Aloyma y Carlos Alexis no pueden vivir sin su hija. Ella lo sabe. Autor: Mayra García Cardentey Publicado: 21/09/2017 | 05:20 pm
Carlos Alexis y Aloyma nunca han visto a su hija. Alodia es para ellos un enigma que se descifra día a día con el encanto sonoro, las palabras, las risas, hasta los mismos silencios.
Ellos no tienen una imagen visual de su rostro, su cuerpo, su expresión juguetona cuando les dice en un susurro ingenuo al salir del círculo infantil: «¿Qué me trajiste, papá?».
No saben cómo son sus rizos azabaches, sus ojos café; mas la conocen como a nadie, le saben la fisonomía y el espíritu palmo a palmo. Sus quebrantos, sus alegrías, los descifran más allá de los colores.

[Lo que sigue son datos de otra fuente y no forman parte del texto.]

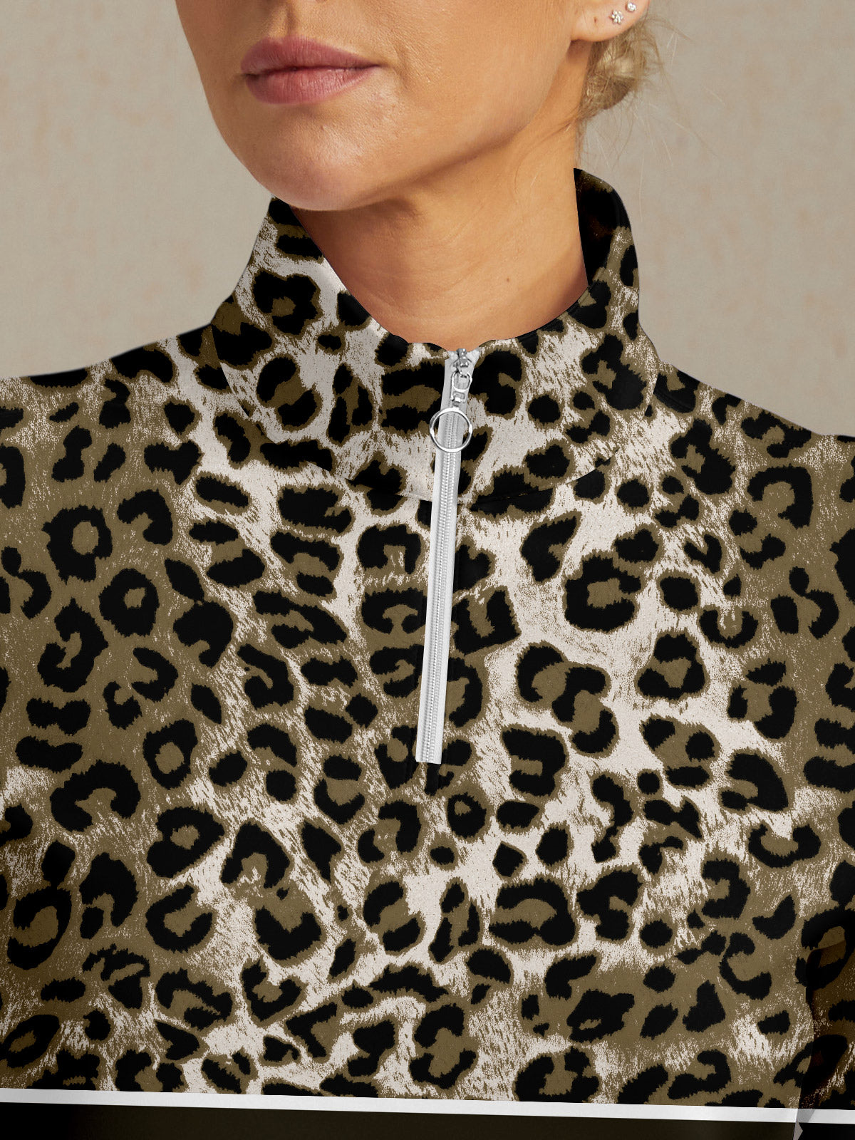 ベーシックを超えたレオパードメッシュゴルフシャツ クォータージップ

Su voz es la principal descripción, el mejor de los paisajes, el rostro más querido.
Le seguí los pasos toda la vida
Aquello fue amor a «primer oído». Fue el viernes 3 de septiembre de 1993; Aloyma cantaba El pajarillo en un acto político en la escuela para ciegos y débiles visuales José Martí, enclavada en la Carretera Central hacia Pinar del Río.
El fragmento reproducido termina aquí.